[Stored entries]
----------
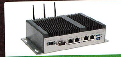
Syslogic Seite 178 Industrie-PC für IoT-Edge-Anwendungen
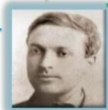
LEV SEMENOVICH VIGOTSKY

El lenguaje interno (significativo y semántico)
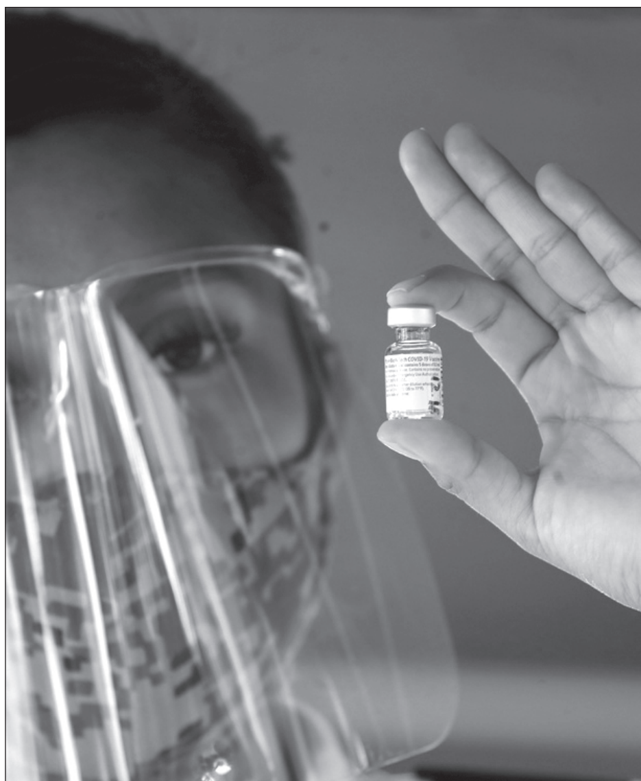
▲ El gobierno federal inició el padrón del personal médico que será inmunizado.

La mutación, que se transmite con más rapidez, “no es catastrófica en el sentido de que está fuera de control y no se puede hacer nada”, dijo.
----------
## TASK ITEM:
What you should return is the exact text of every line from the top of the entries through the line with "que será inmunizado.", pictures removed.

## SOLUTION TO THE EXERCISE:
Syslogic Seite 178 Industrie-PC für IoT-Edge-Anwendungen
LEV SEMENOVICH VIGOTSKY

El lenguaje interno (significativo y semántico)
▲ El gobierno federal inició el padrón del personal médico que será inmunizado.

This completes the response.